Такова легенда, связанная с поместьем Тэптон-Эверард, и такова история, которую бойкая Кэролайн Инголдсби подробно рассказала своему столь же темпераментному кузену Чарльзу Сифорту, лейтенанту Второго Бомбейского полка достопочтенной Ост-Индской компании, когда они рука об руку прогуливались по галерее, украшенной несколькими дюжинами мрачных фамильных портретов, в том числе изображением грозного сэра Джайлса. Доблестный лейтенант тем самым утром впервые посетил дом дяди по материнской линии после нескольких лет отсутствия: со своим полком он провел немалый срок на засушливых равнинах Индостана, откуда теперь вернулся в трехлетний отпуск. Ушел он мальчиком, а вернулся мужчиной; однако впечатление, некогда произведенное на его юное воображение любимой кузиной, нимало не изменилось, и именно в Тэптон лейтенант Сифорд направил свои стопы еще до того, как навестить овдовевшую мать. Нарушив таким образом сыновний долг, он утешался мыслью о том, что негоже было бы проехать мимо дверей родственников, чье поместье совсем рядом, не заглянув к ним хотя бы на несколько часов.
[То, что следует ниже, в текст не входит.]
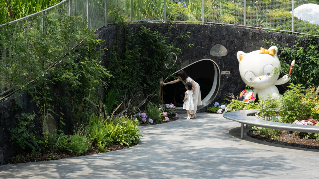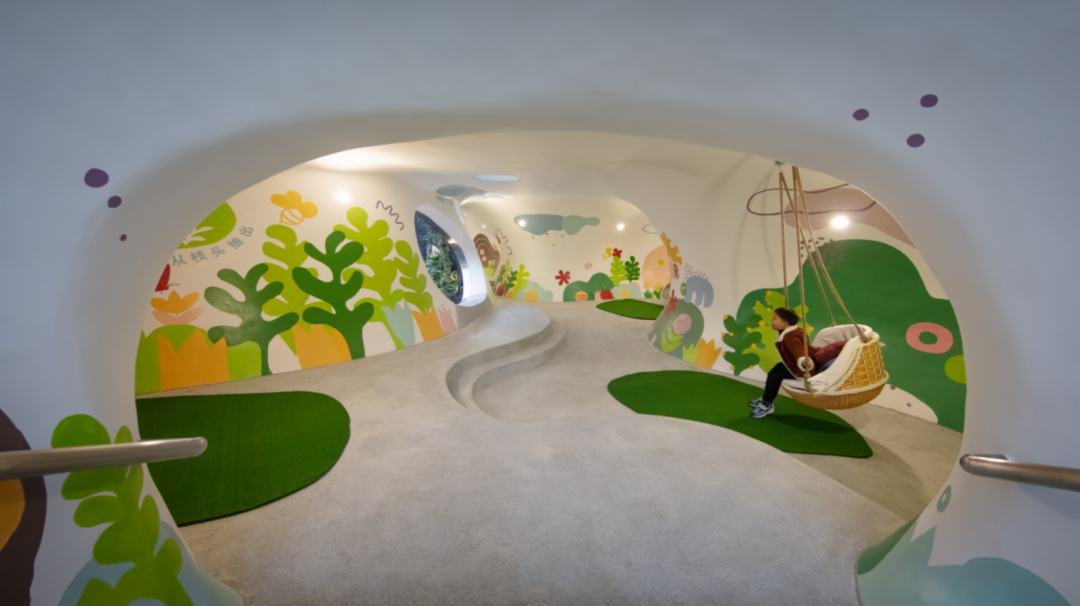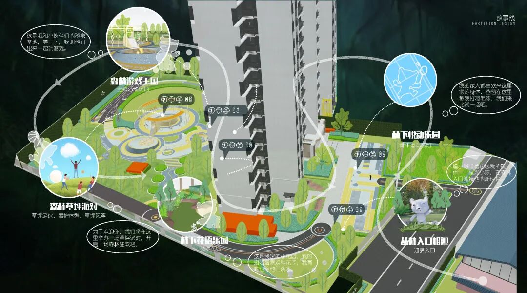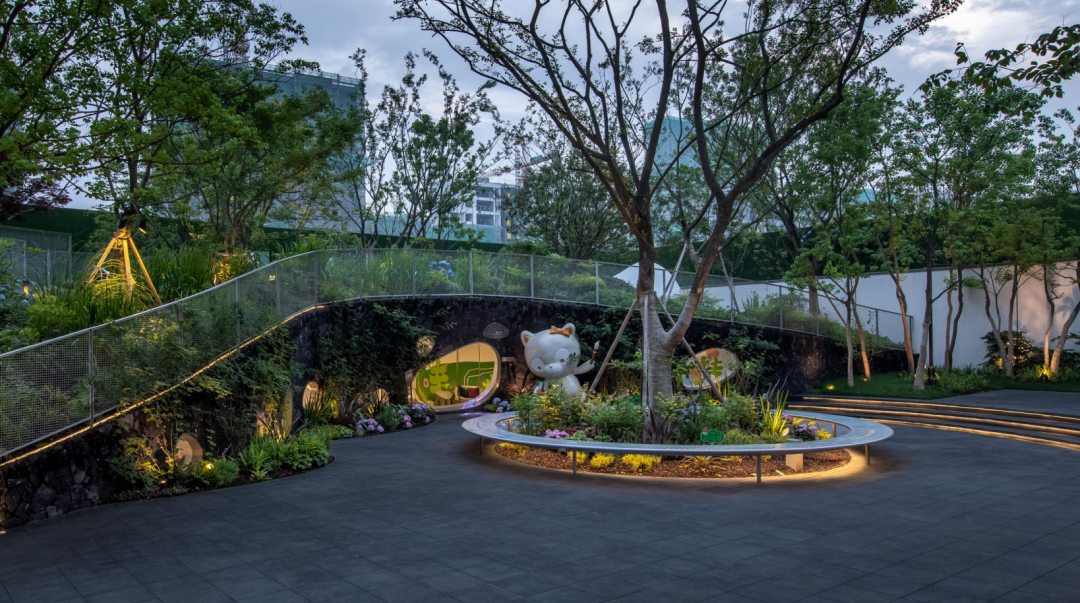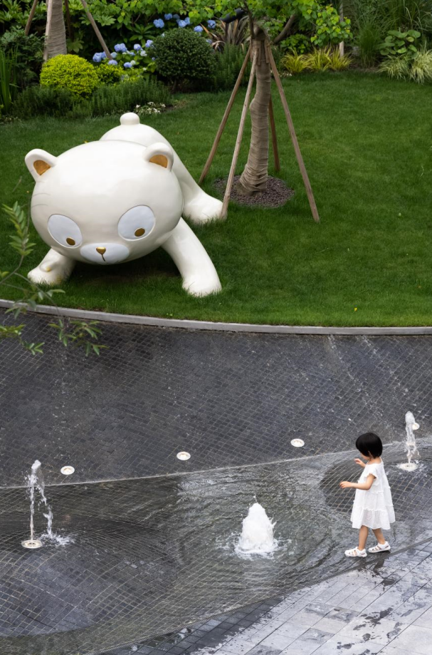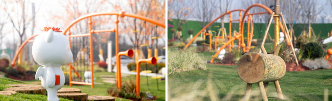 具体的细节还设计了有趣的小鸟饮水雕塑、“百鸟归林熊出没”的丛林+logo以及舒适的路边长椅,这些细节无一不体现了江苏旭辉所倡导的“自然、有趣、有人情味的”理念。
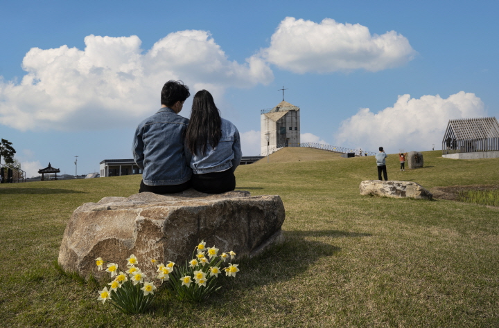 작품 속의 배경은 충남 당진의 신리성지이다. 고즈넉한 잔디밭에 평화로이 뛰어노는 아빠와 아들이 보이고 미래의 가족을 꾸려놓을 연인들의 모습도 보인다. 노란 수선화가 활짝 핀 돌 위에 사랑스러워보이는 두 명의 학생이 다정히 앉아 이야기를 나누고 있다. 뒷모습만 촬영하겠다는 양해를 구하고 찰칵!! 스냅으로 촬영한다. 앞으로도 이쁜 사랑하며 평생연인으로 행복한 가정을 이뤘으면 하는 바램으로 그들의 휴대폰으로도 찍어주었다.

Однако лейтенант нашел дядюшку по-прежнему гостеприимным, а кузину – еще более очаровательной, чем раньше, и просьба одного вкупе с прелестью другой вскоре обезоружили Чарльза и он не отказался продлить «несколько часов» до нескольких дней, хотя дом и был полон гостей.
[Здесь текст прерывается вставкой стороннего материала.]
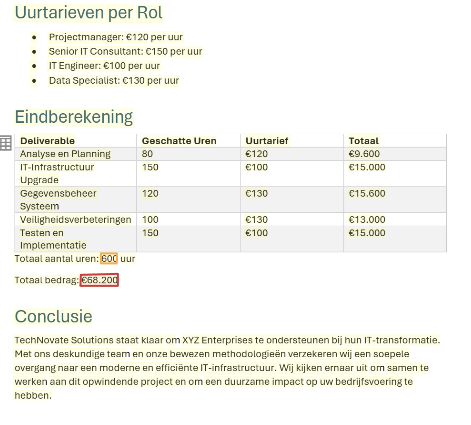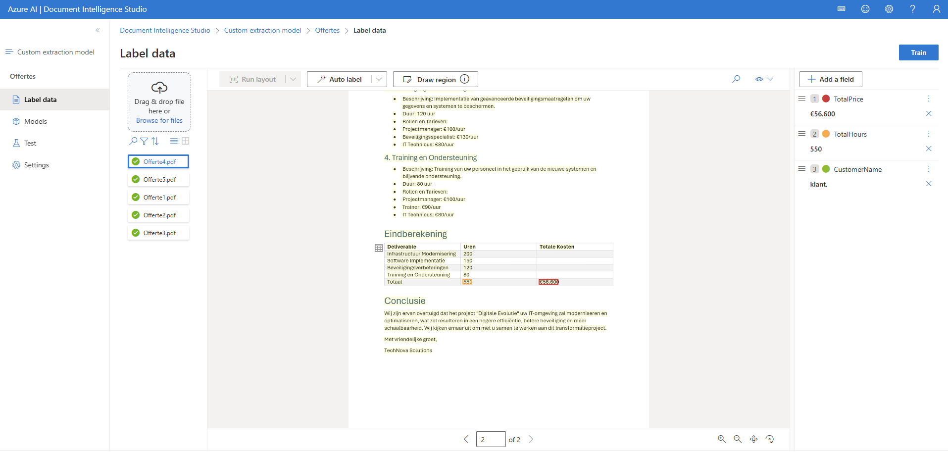 In the screenshots above the total amount of hours and the total cost have been marked. As you can see every quote has a slightly different way of showing this total. To make a system which can handle all of these different cases I decided to use Azure AI Document Intelligence. With this tool an AI can be trained with just a couple of documents, after it you can have it analyze and extract data using that model.
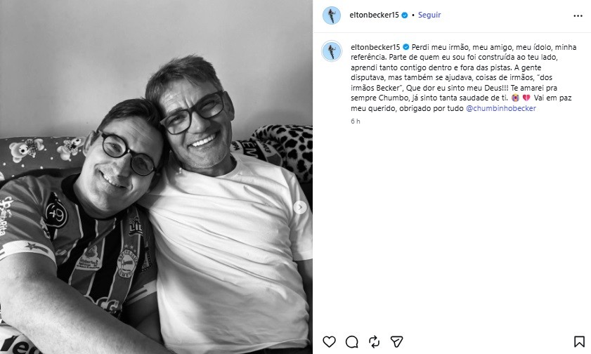"Perdi meu irmão, meu amigo, meu ídolo, minha referência. Parte de quem eu sou foi construída ao teu lado, aprendi tanto contigo dentro e fora das pistas. A gente disputava, mas também se ajudava, coisas de irmãos, “dos irmãos Becker”, Que dor eu sinto meu Deus!!! Te amarei pra sempre Chumbo, já sinto tanta saudade de ti. Vai em paz meu querido, obrigado por tudo @chumbinhobecker".
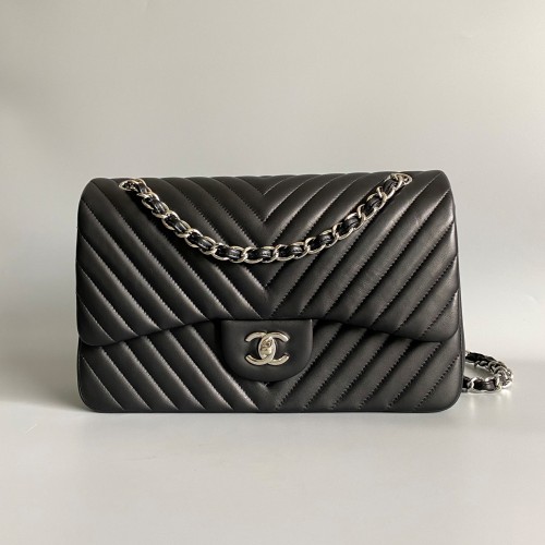 • 샤넬 CHANEL 2024 SS 램스킨 쉐브론 클래식 CF 블랙 실버메탈 플랩백 AS1113 커스텀급
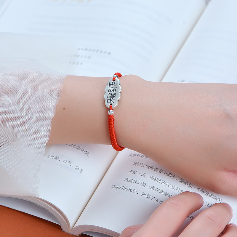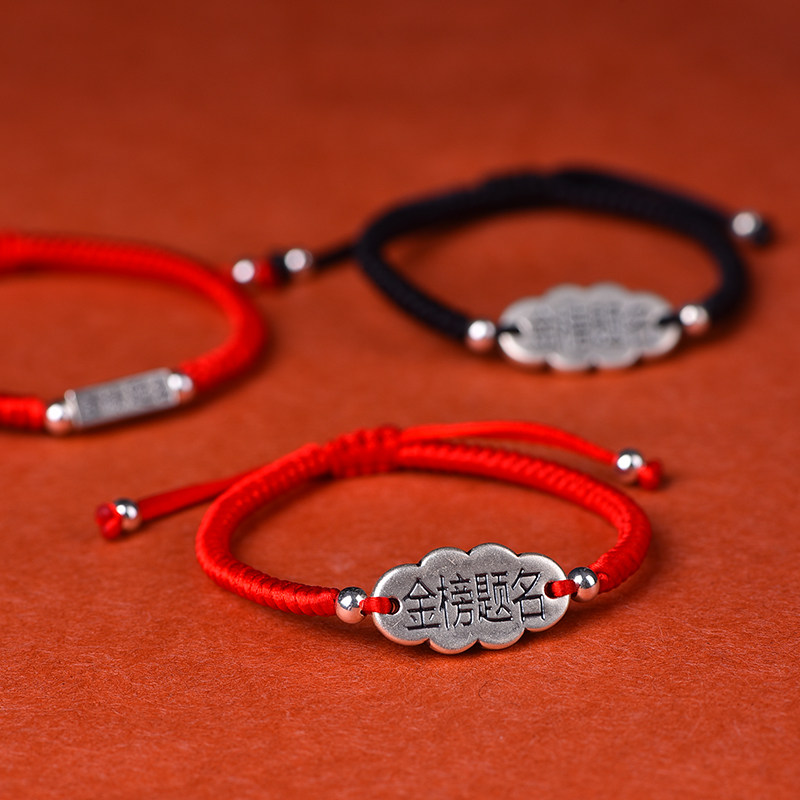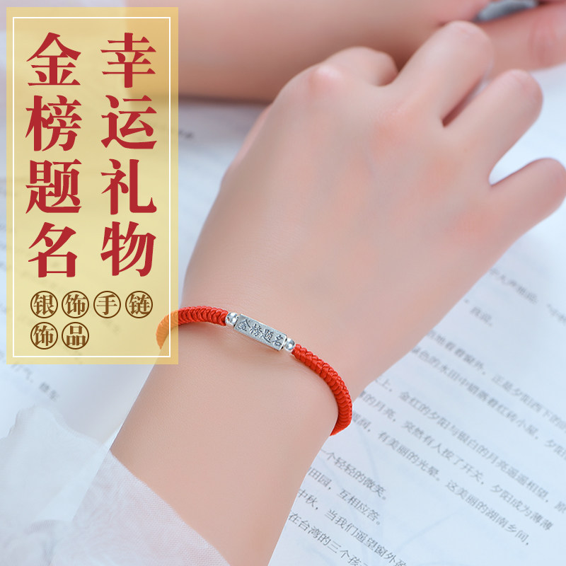 纯银金榜题名手链逢考必过幸运符手绳中考高考红绳好运饰品小礼物
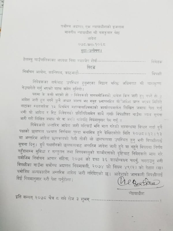 निवेदनमा जनप्रतिनिधिले चुनावअगावै राजीनामा दिँदा स्थानीय तह रिक्त हुने भएकाले सो प्रावधान हटाउन अन्तरिम आदेश माग गरिएको छ। रिटमा निर्वाचन आयोगलाई विपक्षी बनाइएको छ। न्यायाधीश बमकुमार श्रेष्ठको एकल इजलासले निवेदकले अन्तरिम आदेश जारी गरि पाउँ भनि माग गरेको सम्बन्धमा विचार गर्दा दुबै पक्षको छलफलपश्चात निर्णयमा पुग्दा मनासिब हुने देखिएकाले मिति चैत १३ मा अन्तरिम आदेश छलफलको पेसी तोकी सो छलफलमा उपस्थित हुनु भनी विपक्षीलाई सूचना दिन आदेश दिएका छन् ।
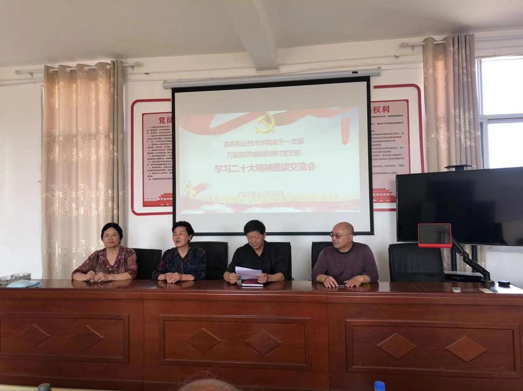 本站讯(老干一支部 伍润生)11月11日,老干一支部带领宜职老年人舞蹈队驱车到万载县罗城镇黎明村党支部一起学习座谈党的二十大精神。
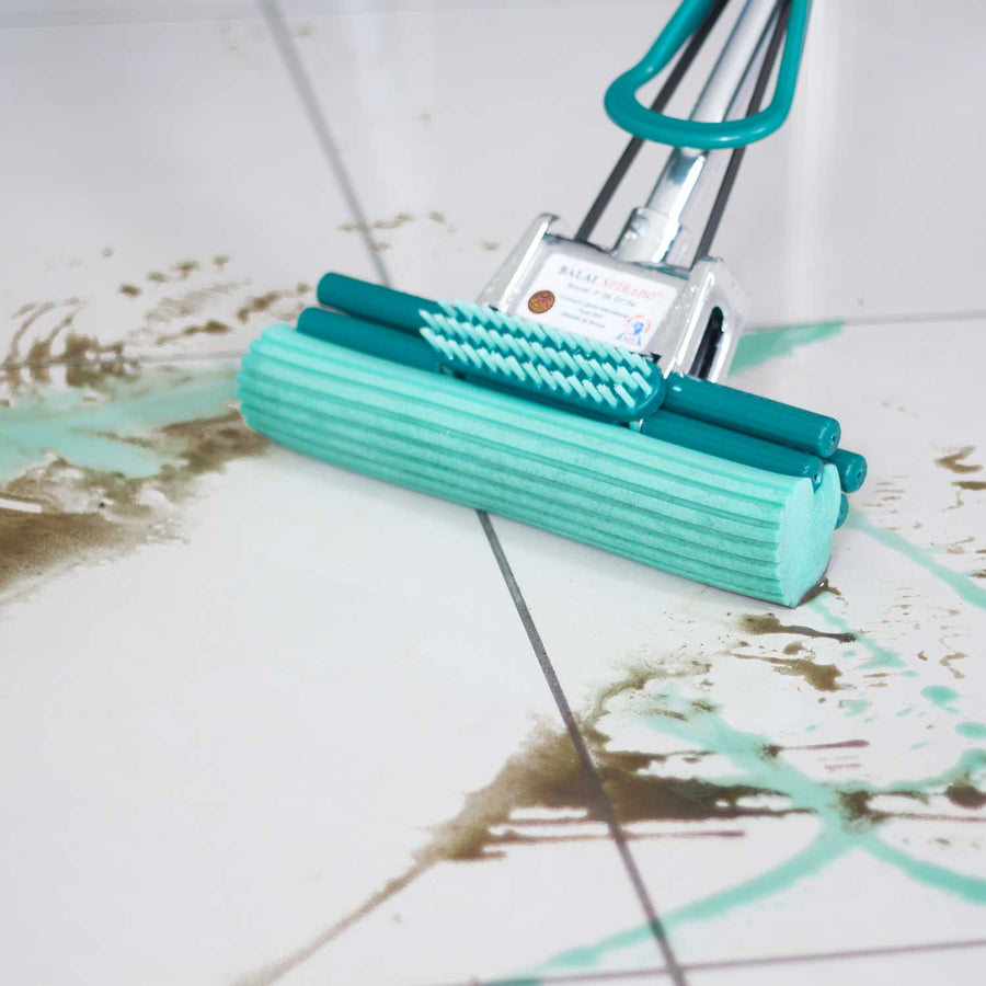 - 1 balai éponge double rouleaux d'essorage ultra absorbant Spirado® avec une éponge pré-montée sur le balai

Здесь были Питерсы из Рамсгейта; мистер, миссис и две мисс Симпкинсон из Бата приехали погостить на месяц; Том Инголдсби привез своего приятеля по колледжу, достопочтенного Огастеса Саклтамкина, с его грумом и пойнтерами, чтобы отправиться на двухнедельную охоту. Прибыла и миссис Оглтон[2], богатая молодая вдовушка с большими черными глазами, которая, как поговаривали, имела виды на молодого сквайра, хотя миссис Ботерби в это не верила. А главное, была здесь мадемуазель Полин, ее femme de chambre[3], которая по любому поводу произносила «mon Dieu»[4] и восклицала «Quel horreur!»[5] при виде чепца миссис Ботерби. Короче говоря, если воспользоваться выражением последней из упомянутых и весьма уважаемых дам, особняк был «набит битком» до самых чердаков, – за исключением «дубовых покоев», которые, благо лейтенант выразил снисходительное пренебрежение к привидениям, были немедленно отведены ему лично. Мистер Магуайр тем временем был вынужден разделить комнату с Оливером Доббсом, камердинером сквайра; шутливое предложение предприимчивого мистера Барни поселиться вместе чуть ранее было с негодованием отвергнуто «мамзель», хотя вкрадчивые речи и возымели на нее некоторое шармантное действие.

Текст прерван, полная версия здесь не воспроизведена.